Our analysis established that the 1323 borderline of the treaty of Nöteborg is a very accurate description of the main genetic split within Finland (Figure 3B). This may support a role for the 16th century Swedish authorities in guiding the Savonian settlers to inhabit land particularly to the east of the 1323 border (p. 98, Jutikkala 1933). However, it seems unlikely that the 1323 border itself would have been a physical cause of the genetic population structure as the border was of a more administrative nature and did not restrict the movements of common people (Katajala 2012; Korpela 2002).
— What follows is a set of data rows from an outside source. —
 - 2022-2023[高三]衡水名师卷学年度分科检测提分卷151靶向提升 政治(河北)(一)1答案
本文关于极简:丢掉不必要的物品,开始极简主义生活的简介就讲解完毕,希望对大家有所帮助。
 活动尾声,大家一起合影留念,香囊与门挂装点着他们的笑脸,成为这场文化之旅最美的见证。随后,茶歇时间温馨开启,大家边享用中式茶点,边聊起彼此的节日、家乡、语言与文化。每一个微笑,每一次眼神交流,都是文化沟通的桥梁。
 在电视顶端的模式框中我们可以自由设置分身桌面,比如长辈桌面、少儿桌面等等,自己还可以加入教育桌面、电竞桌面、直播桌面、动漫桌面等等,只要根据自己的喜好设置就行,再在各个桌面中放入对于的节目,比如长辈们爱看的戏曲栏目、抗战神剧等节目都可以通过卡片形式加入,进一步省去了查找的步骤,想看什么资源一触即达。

An interesting detail of the split between the W and E populations is a group of individuals in Torne Valley (fin. Tornionlaakso) in Southwestern Lapland who are assigned to the W population even though geographically they are separated from the rest of the W individuals by E individuals near Oulu (Figure 3A). While it is possible that the early-settlement region on the west coast had also extended to Torne Valley (p. 67–68, Jutikkala 1933), establishing a genetic connection all the way to Southern Finland, it is also possible that the close ties between the Finnish side of Torne Valley and Sweden across the Torne River have resulted in a genetic admixture whose Swedish component clustered these individuals with Western Finland regardless of how their Finnish component would have clustered them.
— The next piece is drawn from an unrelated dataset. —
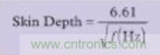 在高頻段,必須考慮一種稱(chēng)為趨膚效應(yīng)的現(xiàn)象。趨膚效應(yīng)會(huì)引起電流流向?qū)Ь€的外表面,結(jié)果會(huì)使得導(dǎo)線的橫截面變窄,因此使直流(DC)電阻增大。雖然趨膚效應(yīng)超出了本文討論的范圍,這里還是給出銅線中趨膚深度(Skin Depth)的一個(gè)很好的近似公式(以cm為單位):
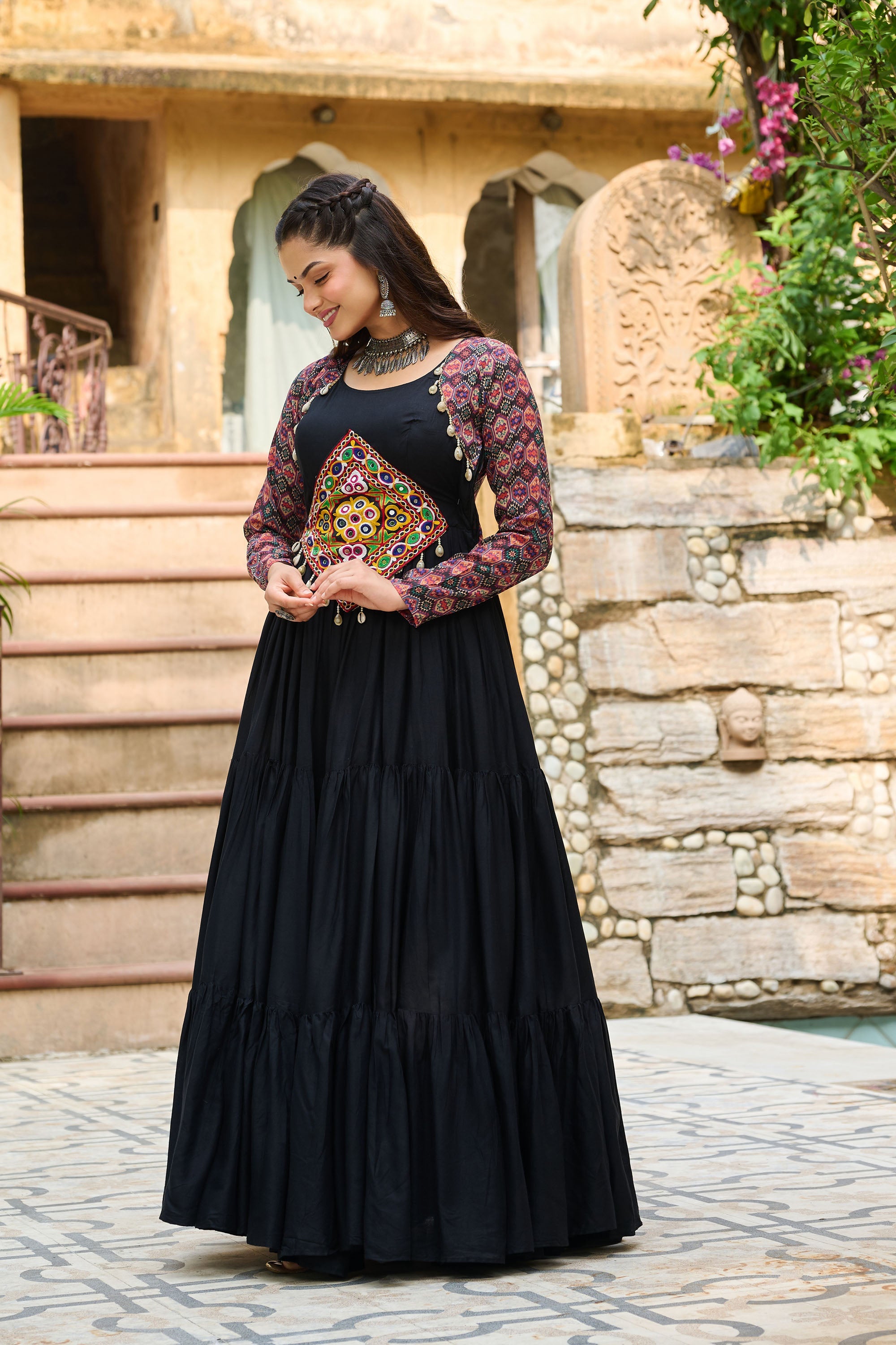 Lorenvalley Fashion Black Rayon Kutchi Gamthi Embroidered Work & Cotton Print Work Gown

Two previous studies about population structure in Finland using genome-wide autosomal variants have either not attempted to define populations based on genetic data (Jakkula et al. 2008) or have done so by applying the STRUCTURE algorithm (Pritchard et al. 2000) to an independent set of 6369 variants (Salmela et al. 2008), which did not reveal the fine-scale genetic structure within Finland. Our haplotype-based population assignment using a data set that evenly covers a major part of Finland therefore provides unprecedented information on the fine-scale genetic structure of the Finnish population. In general, the fine-scale structure that we detected is highly geographically clustered with little overlap between the populations (Figure 4 and Figure 5 and Figures S4–S8 in File S1). There are no large differences in the area covered or number of individuals included in each population (with the exception of P6 in Figure 4). This is likely a consequence of a relatively small population size and isolation by distance throughout the country. It is instructive to contrast this pattern to an FS analysis in the UK that focused on the population structure of the late 1800s (Leslie et al. 2015). In this analysis, a single population covered central and southern England and included almost half of all the individuals, even at the finest level where the sample was already split into 53 populations (Leslie et al. 2015). The strong genetic clustering within Finland is in line with the pocketed distribution of multiple severe diseases of the Finnish Disease Heritage (Peltonen et al. 1999; Norio 2003a) and suggests that Finland also holds great promise for future studies on less severe and more prevalent diseases for which genetic variants with large effects have been more difficult to identify.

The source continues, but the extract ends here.